# 5/1/08 report CBBT



## ShoreFisher72 (Jul 13, 2005)

went out with intensions of catching tautog at the rocks. well first drop in the water with fiddler crabs i hooked into a 35 inch striper! by far the largest fish ive caught in saltwater to date  nice fight , took a picture, released the fish and forgot to save the damn photo. after that a few bites but no hook ups. waves were like 3-6ft and rough as hell out there. going back out tommorow.


----------



## rattler (Jul 3, 2004)

LOL...thanks for the report...


----------



## ShoreFisher72 (Jul 13, 2005)

wow i just relized when i edited the post it somehow got mixed up mods can u fix this please?


done


----------



## Entropy (Mar 9, 2008)

fishing from a boat?


----------



## RoryGoggin (Jan 6, 2005)

He's a yakker.


----------



## RuddeDogg (Mar 20, 2004)

Congrats on the catch.


----------



## Rick C. (Dec 2, 2002)

TAUTOG 

[Regulation 4 VAC 20-960-10 et seq.]

Minimum Size Limit……………..…14 inches
Possession Limit..............................4 per person

Closed Season: May 1 through June 24


----------



## ShoreFisher72 (Jul 13, 2005)

yep,out of a boat . yea good thing we didnt catch any and keep them . 


Anyways i was suppose to work and at the last minute they called and didnt need me, buddy of mine calls me up and we went out today in search for more rockfish and found them . in all landed a 28, 29 and a 31 .small live spot and eel was bait of choice .


----------



## news_watch (Jun 1, 2005)

shorefisher,
what kind of yak are you using in 6 ft waves?


----------



## mud (Sep 23, 2007)

yeh 3'-6' waves in any yak is rough!!


----------



## ShoreFisher72 (Jul 13, 2005)

not a yak guys , fishing out of a boat im not crazy ! lol idk how this was posted in the kayaking forums .


----------



## saltandsand (Nov 29, 2007)

I'm starting a thread about pics and reports. Personally I've never been one to take pictures until I got my children involved with fishin. I prefer to enjoy the moment and memory. Either or any way, it's all fun.

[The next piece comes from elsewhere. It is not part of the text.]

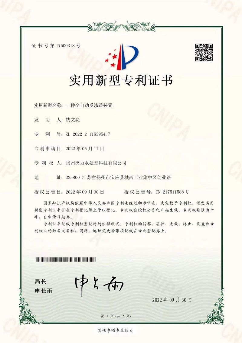全自動(dòng)反滲透裝置專(zhuān)利證書(shū)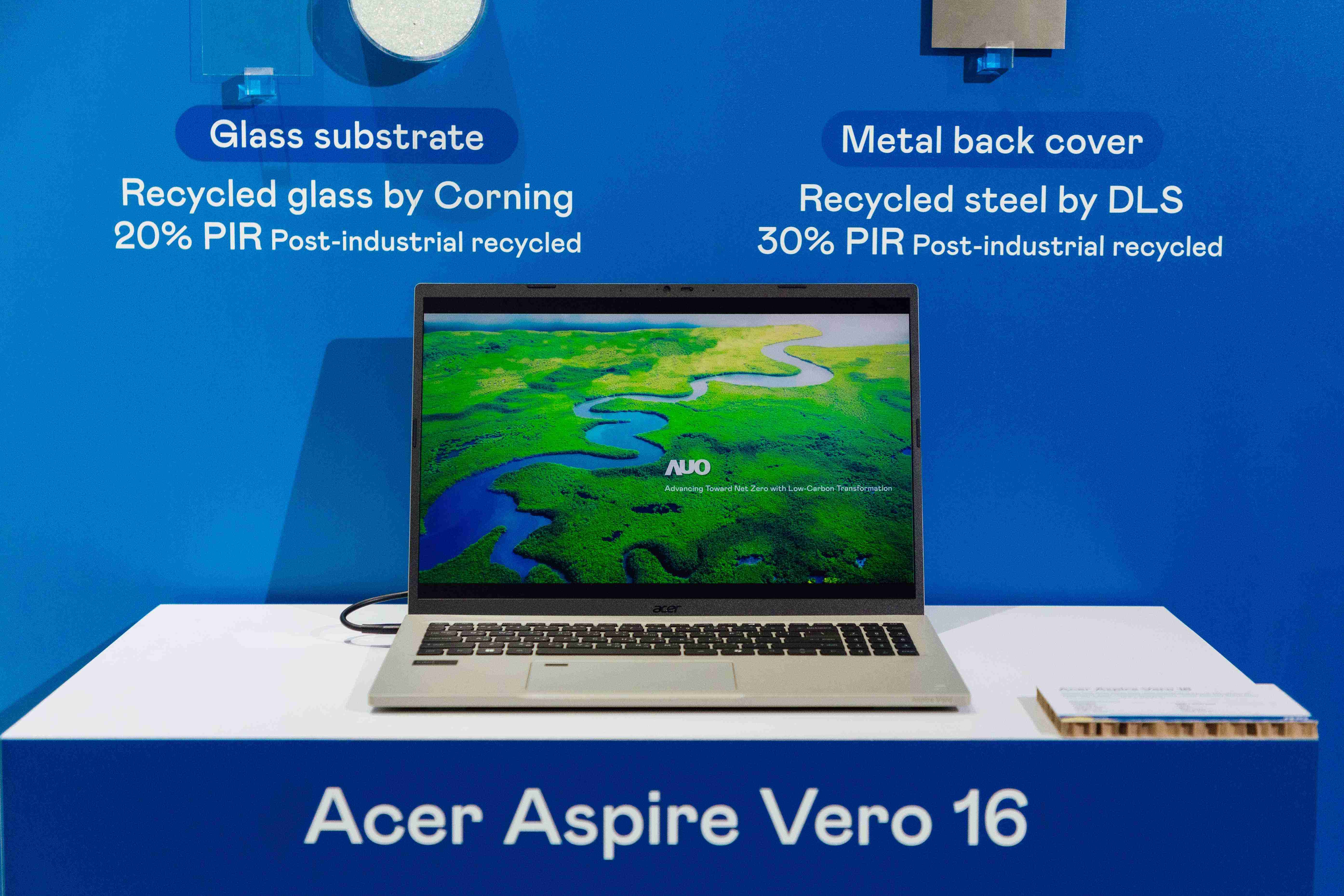 全球首款笔记型电脑采用EBpay100%绿电制造的面板,,,,结合PCR外亦使用工业后回收材料(PIR),,,,例如回收玻璃和金属,,,,减少对环境的影响。。

The canoe is good but it ain't a kayak...man I loved the day...once again soon!


----------



## RoryGoggin (Jan 6, 2005)

ShoreFisher72 said:


> not a yak guys , fishing out of a boat im not crazy ! lol idk how this was posted in the kayaking forums .


That was likely my fault - when you were asked in one of the posts if you were a boater, I spoke out of turn and stated you were a yakker. So a moderator likely moved it from the Virginia board to the Kayak board, assuming it was a kayak report...now, our ever-vigilant moderators have corrected it and put this report in the Boating forum, just as soon as you stated that it was from a boat.


----------



## ShoreFisher72 (Jul 13, 2005)

RoryGoggin said:


> That was likely my fault - when you were asked in one of the posts if you were a boater, I spoke out of turn and stated you were a yakker. So a moderator likely moved it from the Virginia board to the Kayak board, assuming it was a kayak report...now, our ever-vigilant moderators have corrected it and put this report in the Boating forum, just as soon as you stated that it was from a boat.


not a problem Rory , how did u do the other day fishing?


----------



## rattler (Jul 3, 2004)

ROFLMAO...thanks for the report...


----------



## RoryGoggin (Jan 6, 2005)

About the same the first day we went to that spost...but you did miss meeting a couple of people you might have wanted to meet. :fishing:


----------



## ShoreFisher72 (Jul 13, 2005)

RoryGoggin said:


> About the same the first day we went to that spost...but you did miss meeting a couple of people you might have wanted to meet. :fishing:



Ah man please dont tell me the plAyboy playmate models where there? 

just lmk when u wanna go back out .


----------